I like that this movie is more than just "that". "That" being whatever you have seen before. It's very familiar because it cleverly uses things you have seen before, but always keeps you on the edge. You're thrown from a road trip into a cold blooded war (or game, if you will) where you will be meeting enough characters and races to keep you busy counting. It doesn't stop to explain to its audience, but like the characters here we eventually have to fight to survive (understand). The movie is a grisly trip - one to experience.
There are certain things I would have wanted to see more of in the movie, but the movie still somehow manages to be 103 minutes long. A lot was squeezed into this runtime, and it makes it rather unique. Personally, I wouldn't have minded a slightly different priority at some parts - maybe a few minutes less in the beginning in exchange for a few more towards the end.
The cinematography is excellent for the most part, and looked great on blu-ray. I think the locations used were spot on and they knew exactly how to spice it up with some interesting - nearly experimental - effects and filters here and there. That said, a few shots (one car scene in particular) didn't look very good next to the rest of the movie - and actually distracted a bit. It's a short scene, but it's basically lighted weird and the use of greenscreen became very obvious. It's in the nature of a reviewer to be picky, eh? It doesn't drag down the overall experience because it's quickly forgotten about, luckily.

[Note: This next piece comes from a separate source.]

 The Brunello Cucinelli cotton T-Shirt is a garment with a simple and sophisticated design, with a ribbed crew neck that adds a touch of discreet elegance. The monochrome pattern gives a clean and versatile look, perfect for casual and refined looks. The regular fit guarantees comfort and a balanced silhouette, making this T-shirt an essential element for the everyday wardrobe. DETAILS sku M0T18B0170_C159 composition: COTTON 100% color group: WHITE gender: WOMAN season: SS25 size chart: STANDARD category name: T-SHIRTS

Most of the effects here are great, and two of the people behind that are very familiar to us here - Michael Todd Schneider and magGot Films family member Eric James. With the addition of Nate Millspaugh, who I'm not familiar with. They're gnarly, graphic and in your face. I wouldn't necessarily call it a gory movie but considering how much is jammed into it, it's definitely enough to please. And boy, it makes me realize just how well Michael Todd Schneider fits into any role that is fucking wild and crazy.

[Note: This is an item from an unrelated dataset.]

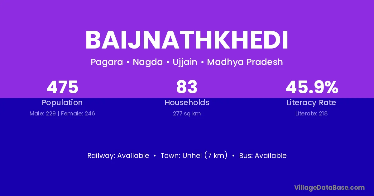 Baijnathkhedi village has a total population of 475 people, of which 229 are males and 246 are females.

My intention was to leave a lot to imagination with this review, so I hope it worked. It's a unique movie that you won't feel unfamiliar with, and that's just one of its many tricks. "Slew Hampshire" actually requires you to think about it after its done, and how often does that happen with movies that essentially show themselves to be shlock horror? This is shlock, exploitation, creature feature, teen comedy and Darwinism, all trapped in the middle of the woods. So basically - fun, a little confusing and reeks of filth.